Figure 8 depicts the impact of selecting α, with different data input sizes, on the resource limits cα and gα (i.e., number of allocated resources) that refer to CPU and GPU resource limits, respectively. Figures 8A, B show that relaxing the processing time constraint with a probability 0.5 ≤ α ≤ 0.99 does not affect resource limits for containers that have a low delay threshold with tiny and limited data sizes (i.e., data input D1, D2, and D3 in eMBB and mMTC containers). However, enormous data sizes in eMBB and mMTC containers show slight changes in resource limits due to tuning α. On the other hand, Figure 8C demonstrates significant increments in resource limits due to tuning α, in particular with enormous data size (D5) where S-RC allocates 2 GPU cores for α = 0.99.

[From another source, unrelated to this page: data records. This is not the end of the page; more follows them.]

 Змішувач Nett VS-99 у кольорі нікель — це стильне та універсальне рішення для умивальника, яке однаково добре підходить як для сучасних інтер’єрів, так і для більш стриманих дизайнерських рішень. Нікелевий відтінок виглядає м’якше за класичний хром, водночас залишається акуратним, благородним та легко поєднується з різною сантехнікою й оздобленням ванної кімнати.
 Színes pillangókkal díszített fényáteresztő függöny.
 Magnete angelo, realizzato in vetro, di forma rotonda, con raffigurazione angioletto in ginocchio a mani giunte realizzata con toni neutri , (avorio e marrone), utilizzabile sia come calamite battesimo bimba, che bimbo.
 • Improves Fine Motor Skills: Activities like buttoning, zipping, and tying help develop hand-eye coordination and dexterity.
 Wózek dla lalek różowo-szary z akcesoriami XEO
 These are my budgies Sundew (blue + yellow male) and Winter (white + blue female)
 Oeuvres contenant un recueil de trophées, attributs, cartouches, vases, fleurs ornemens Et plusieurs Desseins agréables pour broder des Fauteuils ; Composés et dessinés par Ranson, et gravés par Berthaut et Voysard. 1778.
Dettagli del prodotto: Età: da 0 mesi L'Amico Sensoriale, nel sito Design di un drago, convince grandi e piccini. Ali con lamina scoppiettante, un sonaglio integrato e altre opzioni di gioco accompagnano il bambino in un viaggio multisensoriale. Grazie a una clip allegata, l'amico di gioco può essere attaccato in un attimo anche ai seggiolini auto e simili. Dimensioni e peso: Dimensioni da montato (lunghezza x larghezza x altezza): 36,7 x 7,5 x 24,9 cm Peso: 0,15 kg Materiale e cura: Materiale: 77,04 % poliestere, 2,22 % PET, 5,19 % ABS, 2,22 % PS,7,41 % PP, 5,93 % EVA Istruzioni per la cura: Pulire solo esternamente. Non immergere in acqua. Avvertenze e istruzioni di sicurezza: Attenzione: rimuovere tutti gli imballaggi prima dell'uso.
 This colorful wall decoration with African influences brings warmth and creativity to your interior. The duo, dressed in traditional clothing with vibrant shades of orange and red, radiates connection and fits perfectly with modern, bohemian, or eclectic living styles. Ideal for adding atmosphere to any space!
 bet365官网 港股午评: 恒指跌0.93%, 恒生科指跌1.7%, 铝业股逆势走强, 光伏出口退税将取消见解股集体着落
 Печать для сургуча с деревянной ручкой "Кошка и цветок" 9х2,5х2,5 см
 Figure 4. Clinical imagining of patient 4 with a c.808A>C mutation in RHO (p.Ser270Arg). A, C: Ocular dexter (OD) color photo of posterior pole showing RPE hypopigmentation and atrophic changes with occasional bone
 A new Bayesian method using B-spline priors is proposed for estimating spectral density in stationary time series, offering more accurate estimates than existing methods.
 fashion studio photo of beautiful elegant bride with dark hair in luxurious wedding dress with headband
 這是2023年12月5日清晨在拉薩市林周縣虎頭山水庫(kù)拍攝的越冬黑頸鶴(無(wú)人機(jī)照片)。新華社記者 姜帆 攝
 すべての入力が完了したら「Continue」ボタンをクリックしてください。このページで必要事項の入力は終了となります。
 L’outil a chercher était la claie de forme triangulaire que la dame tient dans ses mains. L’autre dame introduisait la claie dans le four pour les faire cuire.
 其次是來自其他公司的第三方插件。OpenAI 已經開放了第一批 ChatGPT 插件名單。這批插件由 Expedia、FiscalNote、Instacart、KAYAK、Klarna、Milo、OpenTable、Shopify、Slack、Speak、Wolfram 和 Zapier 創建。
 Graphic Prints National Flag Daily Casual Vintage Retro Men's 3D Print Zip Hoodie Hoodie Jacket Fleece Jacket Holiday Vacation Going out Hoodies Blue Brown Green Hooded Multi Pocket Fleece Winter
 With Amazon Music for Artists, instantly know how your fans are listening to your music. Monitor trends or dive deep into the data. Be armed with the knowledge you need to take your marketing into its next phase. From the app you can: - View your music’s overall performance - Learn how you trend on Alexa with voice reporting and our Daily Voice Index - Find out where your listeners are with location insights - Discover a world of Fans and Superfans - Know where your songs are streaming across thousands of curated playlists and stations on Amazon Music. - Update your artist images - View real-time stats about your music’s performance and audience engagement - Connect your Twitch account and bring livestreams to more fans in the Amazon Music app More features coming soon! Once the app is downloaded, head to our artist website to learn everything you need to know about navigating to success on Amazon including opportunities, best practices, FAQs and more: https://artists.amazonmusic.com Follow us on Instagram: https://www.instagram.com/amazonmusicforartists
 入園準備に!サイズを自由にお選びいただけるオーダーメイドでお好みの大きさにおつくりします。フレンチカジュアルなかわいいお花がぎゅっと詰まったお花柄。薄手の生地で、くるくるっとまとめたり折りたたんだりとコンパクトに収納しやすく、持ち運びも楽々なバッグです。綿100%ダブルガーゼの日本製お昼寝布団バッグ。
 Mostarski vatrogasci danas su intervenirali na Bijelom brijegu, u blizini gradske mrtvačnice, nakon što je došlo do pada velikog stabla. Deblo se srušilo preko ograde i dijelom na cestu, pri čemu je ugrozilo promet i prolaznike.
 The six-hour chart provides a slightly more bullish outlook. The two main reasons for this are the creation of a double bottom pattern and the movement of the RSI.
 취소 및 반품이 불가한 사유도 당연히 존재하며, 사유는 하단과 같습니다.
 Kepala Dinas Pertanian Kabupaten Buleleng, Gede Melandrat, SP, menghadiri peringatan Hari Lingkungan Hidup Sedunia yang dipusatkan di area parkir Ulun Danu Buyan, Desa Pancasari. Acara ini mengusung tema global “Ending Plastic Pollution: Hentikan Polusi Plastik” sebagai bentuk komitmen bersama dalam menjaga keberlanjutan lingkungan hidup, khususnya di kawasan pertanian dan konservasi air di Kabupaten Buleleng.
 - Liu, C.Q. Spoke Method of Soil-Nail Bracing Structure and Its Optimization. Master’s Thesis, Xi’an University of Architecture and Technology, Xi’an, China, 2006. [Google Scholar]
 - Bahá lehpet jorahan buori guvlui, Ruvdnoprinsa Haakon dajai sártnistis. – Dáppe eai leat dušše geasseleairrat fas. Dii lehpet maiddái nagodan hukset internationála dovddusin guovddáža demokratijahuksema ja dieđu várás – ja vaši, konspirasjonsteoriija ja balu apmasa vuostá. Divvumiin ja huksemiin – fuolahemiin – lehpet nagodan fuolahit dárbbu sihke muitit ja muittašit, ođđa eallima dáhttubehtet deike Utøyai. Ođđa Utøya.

Figure 8. Impact of α on resource limit li. (A) eMBB resource limits. (B) mMTC resource limits. (C) URLLC resource limits.
4. Discussion
The results presented in Section 3 show that S-RC deployment has a high likelihood to effectively auto-scale the edge cloud for RAN slicing workload. However, its deployment cost, especially with containers with large data sizes and low latency requirements (i.e., URLLC container), is high due to using an exact method to solve the S-RC problem. Furthermore, in MEC, it is essential to utilize resources efficiently. Thus, S-RC could be augmented to achieve better resource usage by developing approximation algorithms for the introduced offline S-RC and developing an online algorithm for real-time operation.
The core concept of S-RC design is workload characterization (i.e., workload pattern identification). While the characterization of the RAN slicing workload is still challenging, inspecting MEC resource usage for containerized radio workloads with strict processing time requirements is critical for S-RC design. The inspection would deliver improved workload pattern recognition with a more accurate random distribution of its variations. Furthermore, auto-scaling the edge requires the optimal estimation of the scaling period since real-time autoscaling depends on capturing the variations in workload characteristics to scale up/down the resources. Indeed, a low scaling period would lead to a more accurate workload characterization. However, there is a tradeoff between scaling period determination and the required time for online resource allocation and scheduling decision-making. Therefore, RAN slicing workload characterization is mandatory for a practical S-RC design, especially if we get a periodic pattern of workload variations that could be leveraged to determine the optimal scaling period and workload distribution at the edge.
Resource selection is another crucial factor for S-RC design. This paper presents a rudimentary S-RC model, which decides the resource type based on resource usage value, i.e., selects CPU or GPU according to minimization of the cost function. Since our model assumes CPU cost is much lower than GPU cost, the B&C algorithm always selects the resource with lower cost, provided that linear design constraint is fulfilled. Nevertheless, resource selection should consider other performance metrics affecting the MEC's overall performance for RAN slicing production, such as memory access time and energy consumption.
Accordingly, S-RC can be deployed for delay-sensitive applications, including RAN slicing workloads, by considering the workload characterization and S-RC algorithmic development design factors.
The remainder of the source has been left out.